Materials provided:

--- START ---

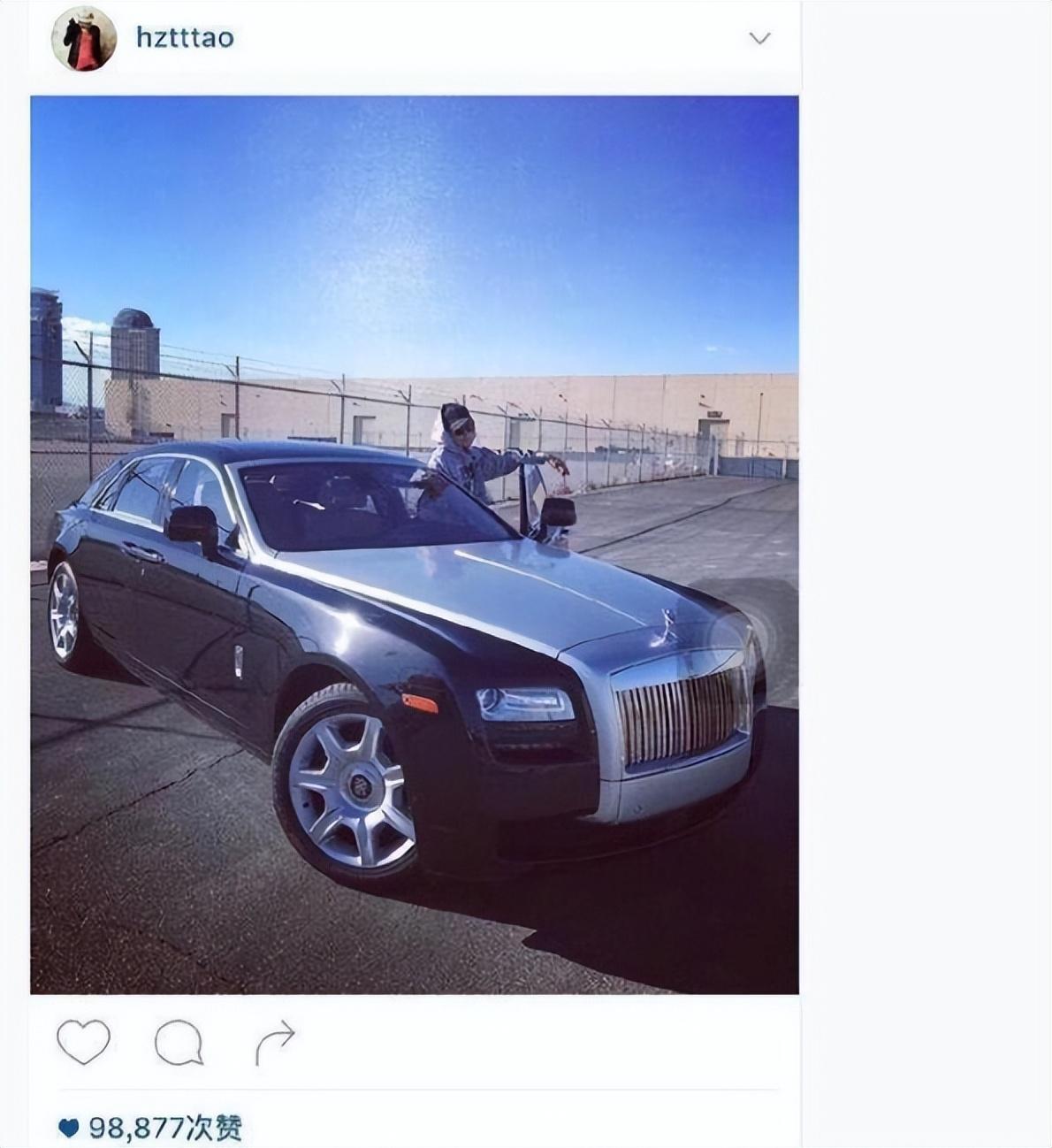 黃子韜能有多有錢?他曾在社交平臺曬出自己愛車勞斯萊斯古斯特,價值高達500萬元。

--- END ---
--- START ---

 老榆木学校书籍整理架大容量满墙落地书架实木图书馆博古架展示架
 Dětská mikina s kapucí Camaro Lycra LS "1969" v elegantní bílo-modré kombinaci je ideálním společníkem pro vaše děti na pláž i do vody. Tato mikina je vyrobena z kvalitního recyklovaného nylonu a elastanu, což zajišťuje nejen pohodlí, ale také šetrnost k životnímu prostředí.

--- END ---

Task directions: Using only the entries above, output the line with "老榆木学校书籍整理架大容量满墙落地书架实木图书馆博古架展示架", the line with "Dětská mikina s", and all lines between them, exactly as they stand.

Answer for this exercise:
 老榆木学校书籍整理架大容量满墙落地书架实木图书馆博古架展示架
 Dětská mikina s kapucí Camaro Lycra LS "1969" v elegantní bílo-modré kombinaci je ideálním společníkem pro vaše děti na pláž i do vody. Tato mikina je vyrobena z kvalitního recyklovaného nylonu a elastanu, což zajišťuje nejen pohodlí, ale také šetrnost k životnímu prostředí.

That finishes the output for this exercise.